(Entries taken from a collection)
==========

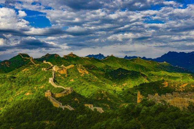 Jinshanling Great Wall is situated on Daxiao Jinshanling (Big and Small Jinshanling) in Bakeshiying, Luanping, Chengde, Hebei Province. Originally built in 1368 under General Xu Da during the Ming Dynasty, it features 5 passes, 67 watchtowers and 3 beacon towers. Its "Three Unique Features" (三绝) include the Kylin Screen Wall (麒麟影壁墙), Inscribed Brick Wall (文字砖墙), and General Tower Defense System (将军楼综合防御体系).
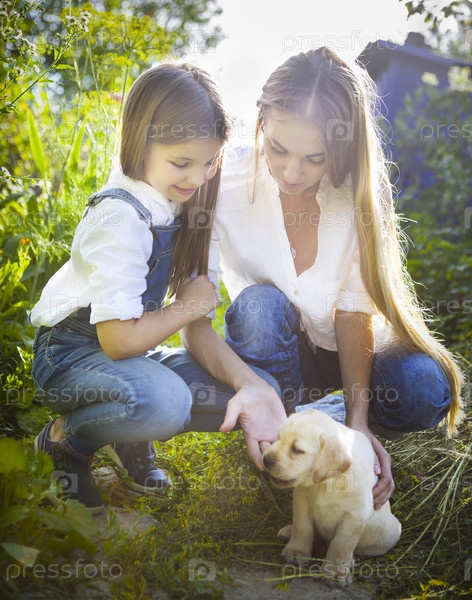 Мать и дочь играют с щенком
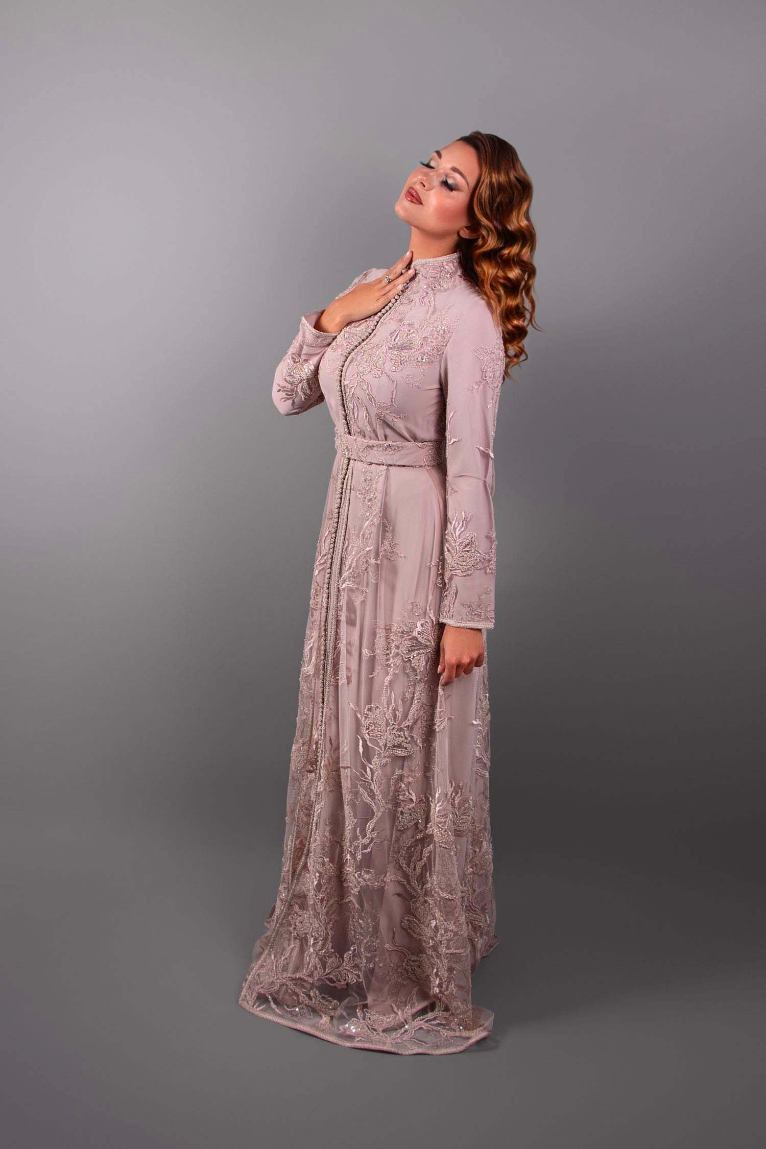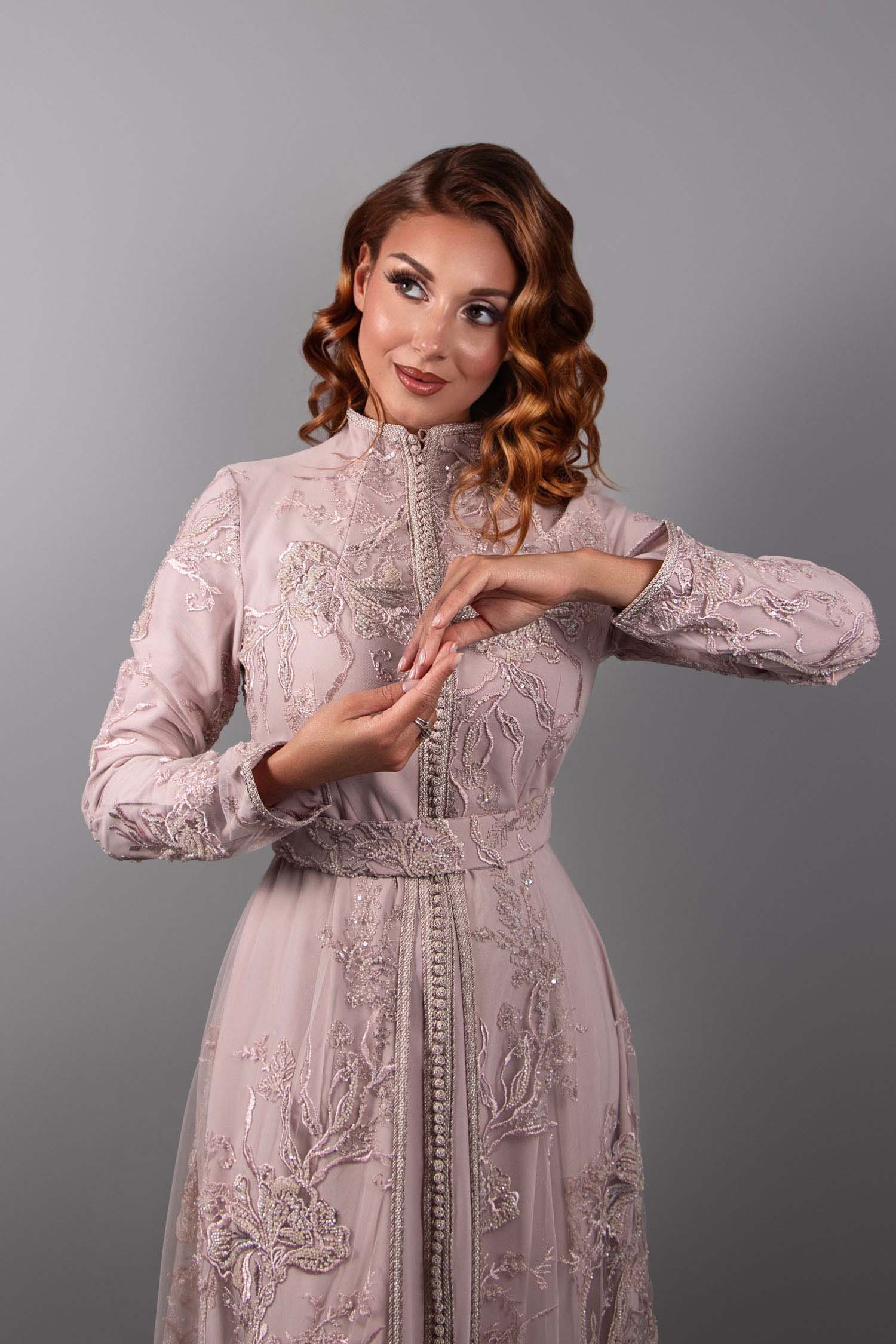 Découvrez notre somptueux caftan marocain en crêpe et dentelle dans un ton vieux rose.
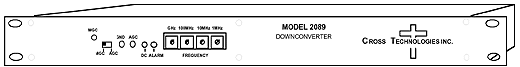| The Series 2089-24A Downconverter converts 2.0 - 2.4 GHz IF signal to a 70 MHz IF with no spectrum inversion, low group delay, and flat frequency response. The 2.0 - 2.4 GHz input is mixed with synthesized local oscillator (LO) signals, first to 600 MHz and finally to 70 MHz. The frequency is selected using four front panel BCD switches, and is selectable in 1 MHz increments. The reference oscillator is a 25 MHz internal oscillator. Front panel LEDs light when DC power is applied (green) or when a PLL alarm occurs (red). Gain is selectable to be either manually adjustable (MGC) or automatically adjusted (AGC). Front panel test points allow for monitoring the AGC voltage (and corresponding AGC gain) when in AGC mode, and a front panel potentiometer allows for gain adjustment when in MGC mode. The MGC gain is adjustable from 20 to 50 dB. Connectors are Type N female for the RF input and BNC female for the IF output. A terminal strip is mounted on the rear panel and provides a closure to ground when the PLL is out of lock. The 2089-24A Downconverter is housed in a 1 3/4” X 19“ X 14“ deep rack mount chassis. | ||
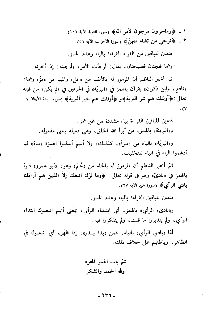 تمّ باب الهمز المفرد ولله الحمد والشكر
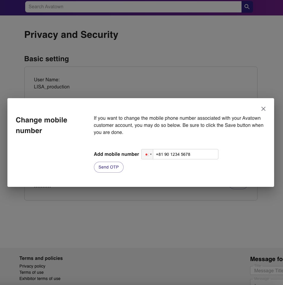 トップページ右上のマイメニューアイコンをクリックするとメニューが現れるので、[Privacy&Security]を選択し、[Primary mobile number]の項目から電話番号を追加します。
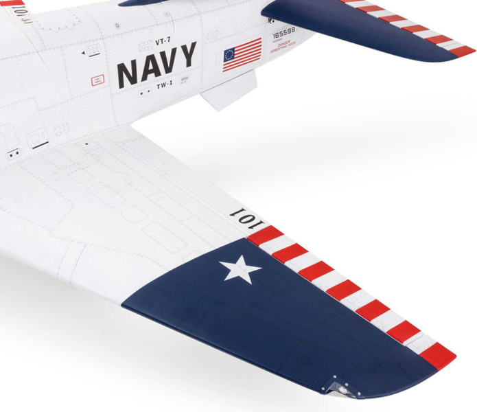 Od svojho uvedenia do služby na konci 70. rokov 20. storočia vycvičil lietadlo BAE Systems Hawk a jeho varianta pre americké námorníctvo T-45 Goshawk, generácie vojenských pilotov po celom svete. Tento model kombinuje autentické línie s ľahkým a odolným drakom z balzy a preglejky vystuženej uhlíkovými vláknami. Súčasťou balenia sú všetky ovládacie prvky, vrátane kompozitnej palivovej nádrže o objeme 5,5 l s hliníkovými magnetickými plniacimi a odvzdušňovacími armatúrami, dvojstenné nerezové koncovky výfuku a montážny materiál. Veľké horné poklopy umožňujú rýchly a jednoduchý prístup k turbíne, palivovému systému a elektronike. Fanúšikovia ocenia tlačený továrensky aplikovaný potah s detailmi panelov, poklopov a nitov. Detailne spracovaný kokpit s čírymi oknami ukrýva figúrky pilotov, tvarované sedadlá a 3D prístrojovú dosku.
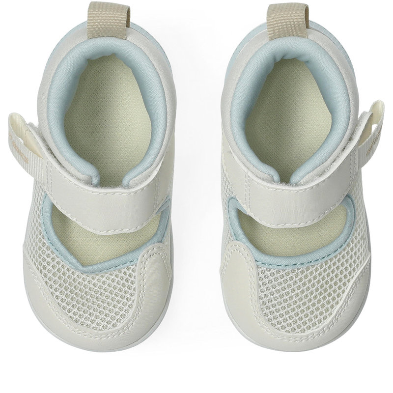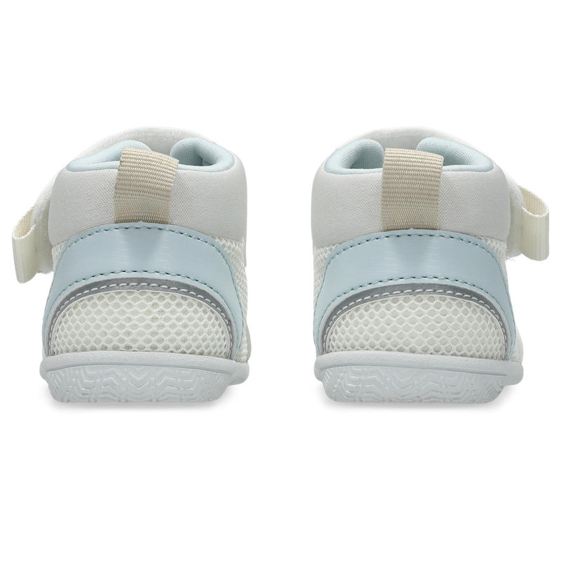 つま先を大きく巻き上げる形状でつまずきにくくし、スムーズな歩行をサポート。3D設計のファーストシューズ専用インナーソールにより、赤ちゃんの小さなかかとを包み込み、安定性を高めます。
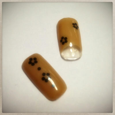 添付はオフィスネイルです。ホログラムで花を作りました。春に向けたネイルを思案中です。
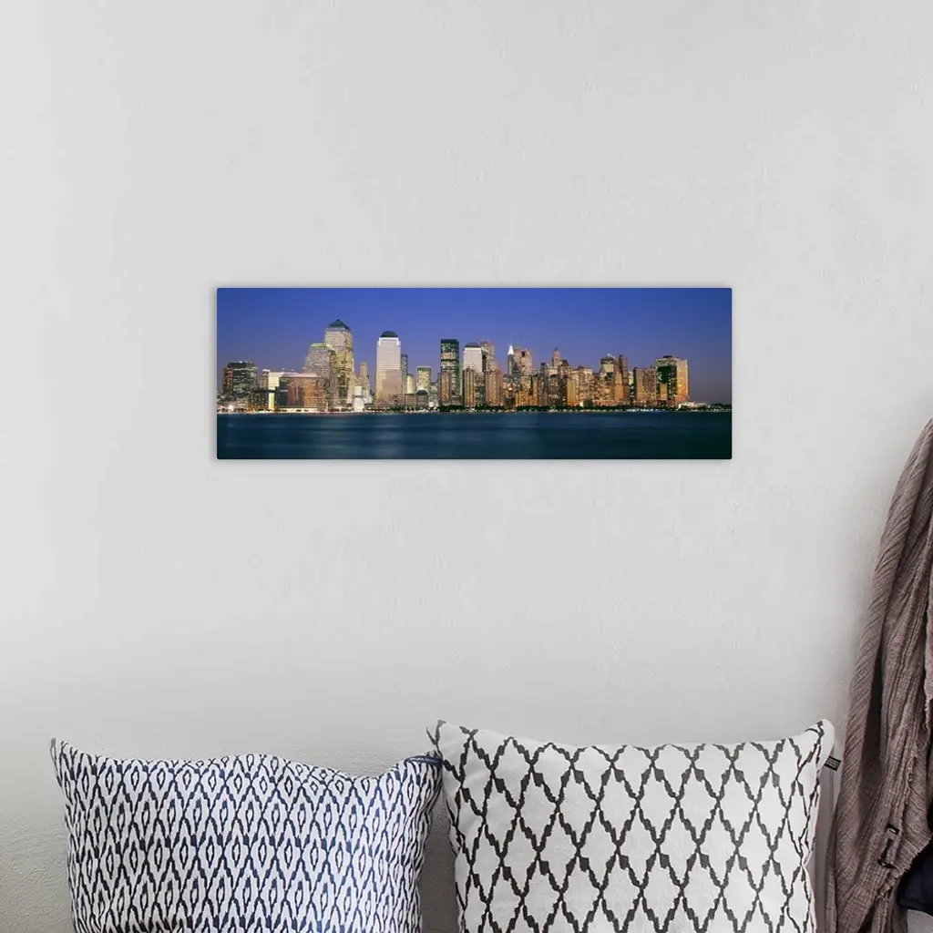 Panoramic photograph taken of smaller skyscrapers that sit on the edge of water in New York City.
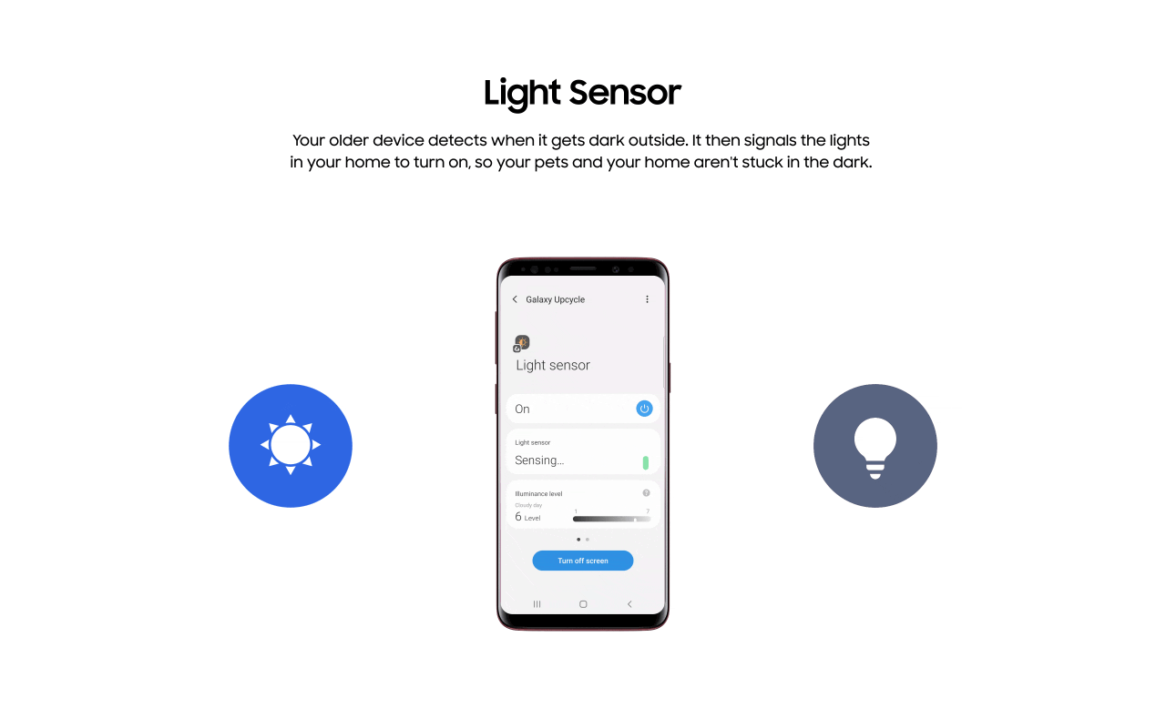 Met de lichtsensor kan je oude Galaxy-telefoon het licht in de kamer registreren. Wanneer er een bepaald lichtniveau is bereikt, kan je telefoon automatisch een van je slimme apparaten aan het werk zetten. Wordt het te donker in je kamer, dan kan je telefoon bijvoorbeeld een seintje naar je slimme lampen geven, die dan vervolgens aan gaan.
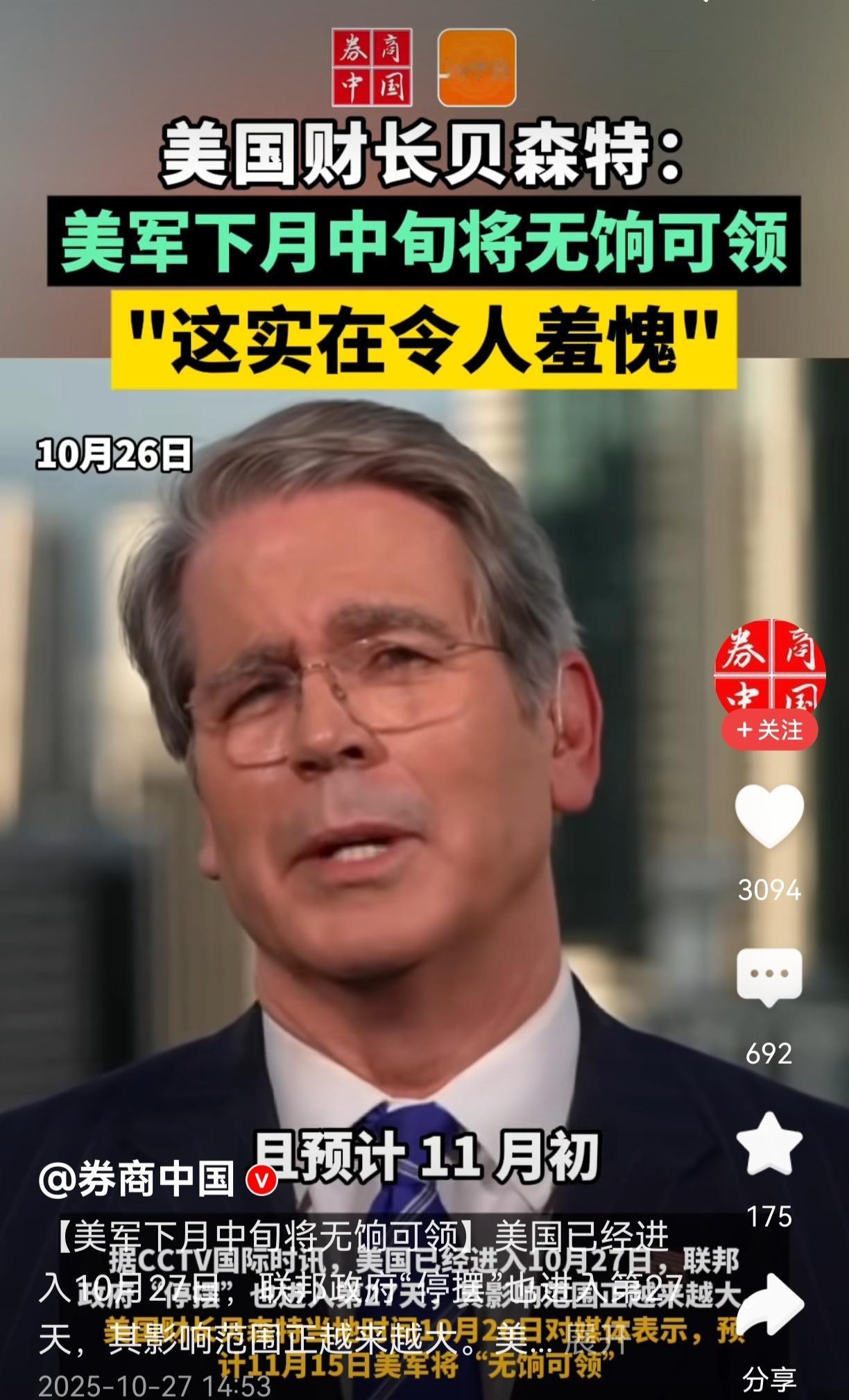 真心奉劝美国财长千万别心软, 和东大的贸易谈判要强硬, 因为贸易战在再多几天,美国国内就会自乱阵脚。 美财长说,为国家出生入死的军人下个月可能就领不到军饷,军赏最久只能维持到11月15日,这个是我万万没想到的,一个世界第一的国家,最先断的却是军费。 试想一下,如果保家卫国的军人都开不起工资了,那这个国家还谈什么战斗力,凝聚力,马上就会散沙一片了,以前还不理解我们国家为什么不喜欢去别的国家驻军,为什么不喜欢去干涉别人家的事,现在明白了,现阶段什么都没有发展经济重要,经济稳定了,人心就稳定了,内部就团结,就是钢板一块,不会被轻易击垮。

==========

Above are the records. Copy word for word only their lines from the one holding "添付はオフィスネイルです。ホ" through the one holding "Panoramic photograph taken", both included, and skip the images.

 添付はオフィスネイルです。ホログラムで花を作りました。春に向けたネイルを思案中です。
 Panoramic photograph taken of smaller skyscrapers that sit on the edge of water in New York City.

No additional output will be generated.